Dans toute cette histoire, un des aspects qui finit presque par choquer par son ampleur, c’est l’absence quasi totale d’une pensée urbaine ou même d’une urbanité cohérente. Le laissez-faire, autant par manque de capacité (avérée ou perçue), de volonté, ou par complaisance des autorités locales envers les développeurs (souvent les mêmes) serait risible si les conséquences n’étaient pas si souvent irréversibles. L’auteur n’est pas le premier à parler des modalités de fabrication de la banlieue qui se rapproche des chaînes de Ponzi. Prendre conscience de ceci demeure essentiel, même si cette lecture ne rassurera personne.
L’ouvrage de Gérard Beaudet vient synthétiser une histoire, offrir des constats et fournir des analyses indispensables sur la suburbanisation montréalaise à cette échelle qui manquait, celle de la région métropolitaine. Nous en retirons pour notre part une meilleure compréhension des enjeux et des défis émergents.
Note 1 : Full disclosure : J’ai eu la chance d’avoir Monsieur Beaudet pour une session et un cours durant ma formation dans ce qui était alors l’Institut d’urbanisme de l’Université de Montréal. Il était un pourvoyeur extraordinaire de cours magistraux et moi un bien piètre étudiant!

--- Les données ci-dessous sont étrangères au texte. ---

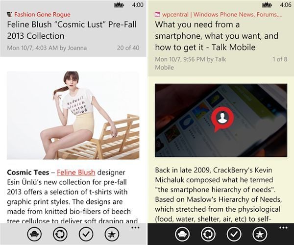 Nextgen Reader 是 Windows Phone 平台上的优质 RSS 阅读器代表,完全按照 WP 的 Modern 风格设计。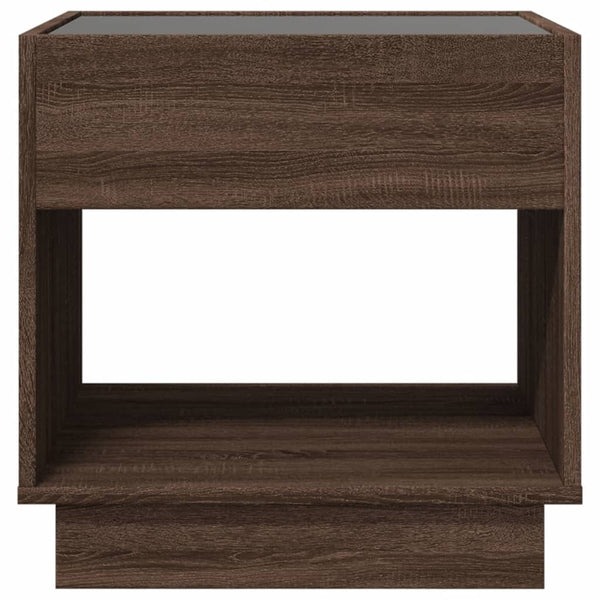 Ruskea sohvapöytä infinity led-valoilla 50x50x50cm tammi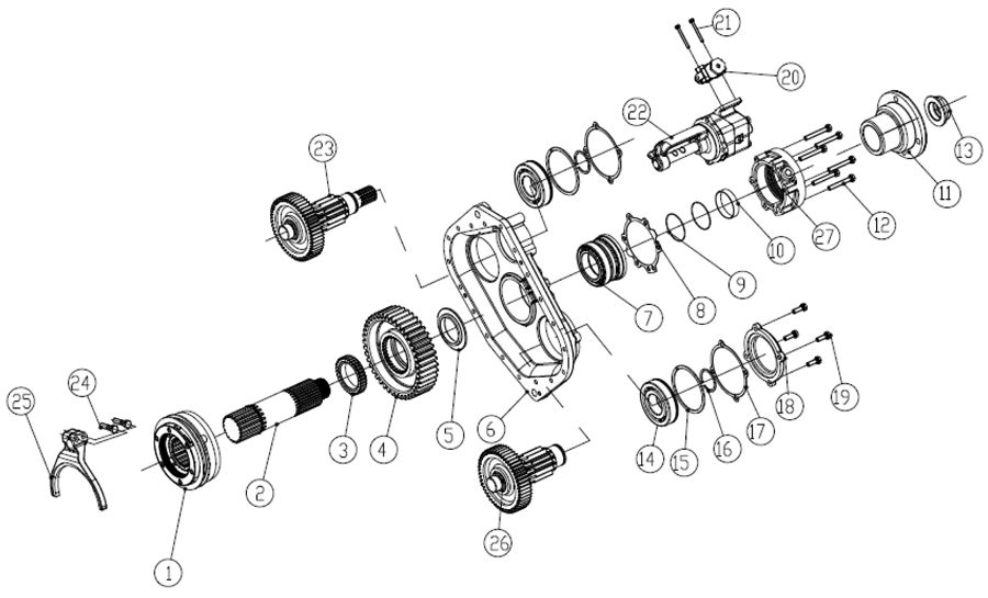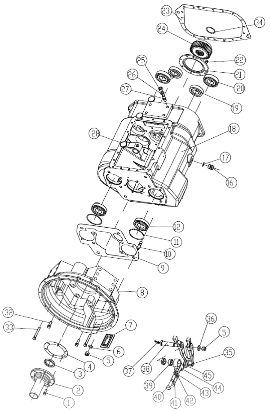 Тип коробки передач | Полностью синхронизированная механическая 16-ступенчатая с двумя промежуточными валами алюминиевый корпус |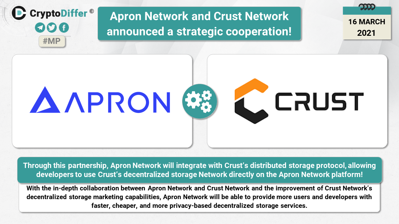 Through this partnership, Apron Network will integrate with Crustβs distributed storage protocol, allowing developers to use Crustβs decentralized storage Network directly on the Apron Network platform.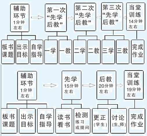 中、小学语文、英语课上常用一种其他操作方法,即一节课进行几次“先学后教”+“当堂训练”(小学是“几个比”,即“比读书”、“比写字”、“比回答问题”、“比背诵”,每一个比都是一次“先学后教”),因为语文、英语教学目标不是单一的,而是多元化的。这种操作方法课堂结构示意图如下: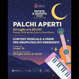 Giovedì 24 luglio, dalle 20, in piazza XXVIII Aprile è tempo di Contest con Palchi Aperti, con un appuntamento dedicato ai nuovi talenti del panorama musicale quartese e dell’area metropolitana, offrendo loro un’importante occasione di visibilità e confronto. Uno spazio inclusivo e dinamico, pensato per valorizzare la creatività emergente e favorire l’incontro tra nuove voci e un pubblico appassionato. Durante le serate, i giovani artisti si alterneranno sul palco per esibirsi dal vivo, mettendo in gioco il proprio stile e la propria originalità. A valutarli sarà una giuria tecnica composta da quattro professionisti della scena musicale e culturale sarda: Diego Pani, etnomusicologo e artista, Francesca Romana Motzo, musicista, musicoterapeuta e direttrice artistica del Jazzin’ Family, Simone Cavagnino, speaker radiofonico e promotore culturale, Stefania Secci Rosa, cantautrice, compositrice e performer. A loro il compito di valutare i partecipanti, ma anche il pubblico sarà chiamato a esprimere la propria preferenza, tramite QR code, contribuendo quindi all’esito finale.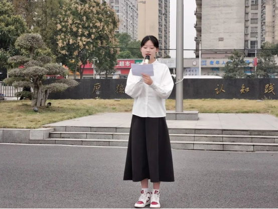 本次升旗仪式在党的二十大召开之际举行,以勉励同学们顺应时代发展,踔厉奋发向前行,愿同学们都能勇于担当、自强不息,不负这盛世之中华!
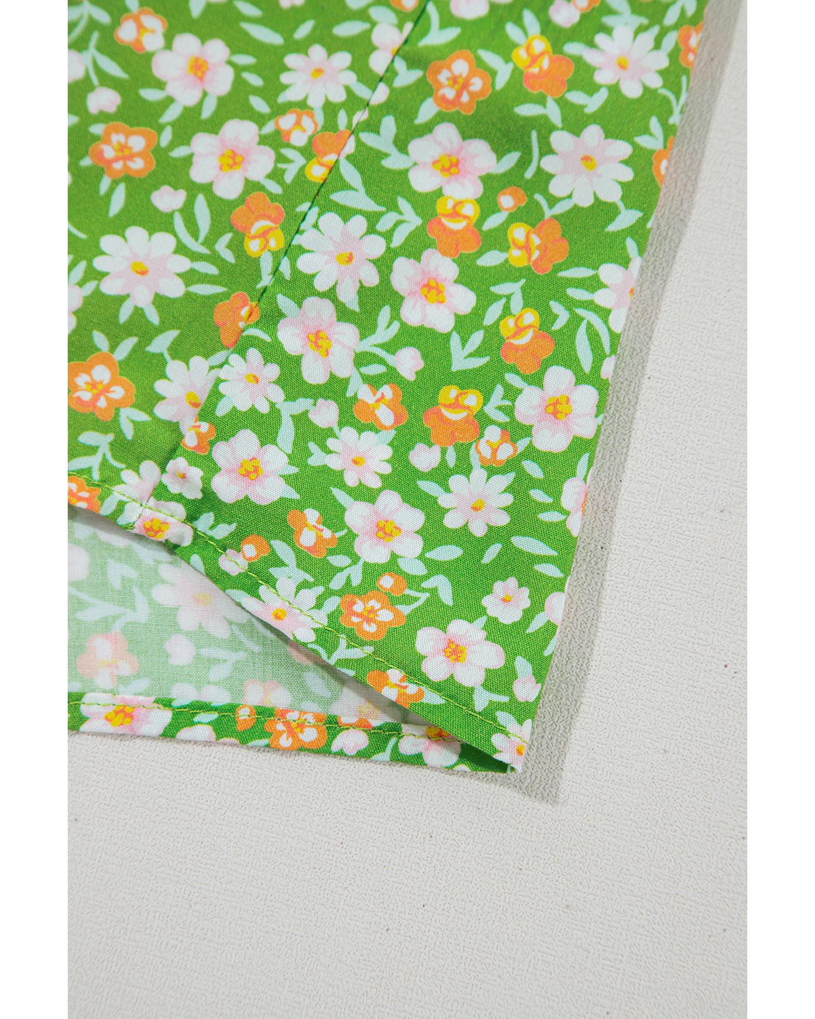 Green Floral Print Ruffle Sleeve V Neck Blouse Top – S

Note 2 : La semaine prochaine, deuxième dans notre série de six livres sur la banlieue, cette fois avec Borderland : Origins of the American Suburb, 1820–1939
Note 3 (2022-04-14) : L’ouvrage ne comporte pas d’index ! En d’autres termes, il est très difficile de retrouver ou trouver une information spécifique ou de colliger toute l’information et l’analyse sur un thème donné. (Bien sûr, il y a une version PDF qu’il est possible de rechercher par mot-clé, mais ceci n’est pas la question.) J’ai soulevé ce manquement dans un courriel à la maison d’édition (Presses de l’Université Laval — PUL) ; quelques heures après, je recevais une réponse pour me dire qu’on allait transmettre l’information à l’auteur, dans l’éventualité d’une deuxième édition. Il n’en demeure pas moins que la responsabilité de composer un index appartient à l’éditeur, et que l’absence d’un index, de la part d’un éditeur universitaire dans un ouvrage destiné à un public spécialisé, est particulièrement inexcusable.